Ну, я знал такое выражение: «Таких друзей — за одно место и в музей!». Так что нисколько не обольщался. Был уверен, что дружбы с этим плюгавым с зализанными волосами у меня никогда не будет. Более того, плюгавого и самого не будет, если он продолжит мне угрожать.
Вот и послушаем, что скажет дальше этот «добрый друг».
— Так что все проблемы решаются,
— Илья… А что ты сам знаешь про эти списки? Ты пойми правильно — тут такая информация, которую я могу передавать только… Впрочем, я не могу тебе сказать, кому я должен её передавать, — сказал я, ловя злобный взгляд Ильи.
И он явно надеялся одними такими взглядами прижать меня к ногтю. Может, раньше у него это получалось?
Но чтобы бояться кого-то, нужно признать силу человека. А я не боялся, не признавал. Отступать было нельзя. Сейчас возле парадной стоит Степан. Он должен ждать знака, когда ему подходить к двери. А для этого я должен встать у окна и просто посмотреть в сторону — показать себя.
— Меня попросили очень уважаемые люди, чтобы я взял у тебя списки. А уже потом я должен эти списки передать кому следует, — продолжая играть в гляделки, сказал Илья. — Ну, чтобы мама с папой ничего не узнали.
— Нет, так дело не пойдёт! — жёстко сказал я.
С показной ленцой, словно чтобы просто размять ноги, я поднялся и подошёл к окну.
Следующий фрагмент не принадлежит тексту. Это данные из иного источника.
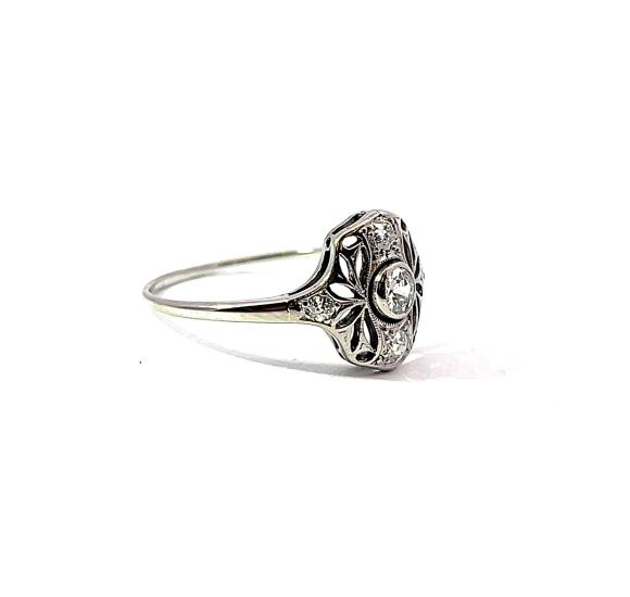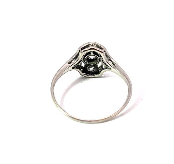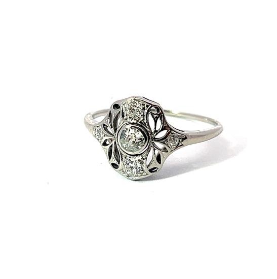 Prsten z bílého zlata o ryzosti 585/1000, punc klas (punc používaný od roku 1949). Velikost 56, váha 1,98 g, rozměr hlavy prstenu 13 x 11,5 mm. Kámen - přírodní diamant staroevropského brusu - 4 ks, centrální kámen: 1 ks, cca 0,15 ct - dohromady cca 0,34 ct. Jeden z diamantů nahrazen leukosafírem.

Выглянул, как будто что-то увидел на улице. На самом деле — просто давал знак Степану. С этого момента события должны были понестись вскачь.
Илья что-то начал говорить, но я перебил его.
— Знаешь, есть такие вещи, которые не продаются. Ни за джинсы, ни за бельгийский шоколад. Даже за жизнь. Так что нет, так не пойдет.
Я повернулся к нему лицом. Спокойно. Не угрожающе. Просто посмотрел. Это был момент выбора — для него и для меня. На долю секунды мы оба замолчали.
— А ты не в той роли, чтобы решать, что пойдёт, а что побежит или поедет. Отцом прикрыться не получится. По всем понятиям — ты мне должен, значит, ты мне и отдашь, — жёстко сказал Илья, являя мне свой истинный облик. — Или тебе Таню совсем не жалко?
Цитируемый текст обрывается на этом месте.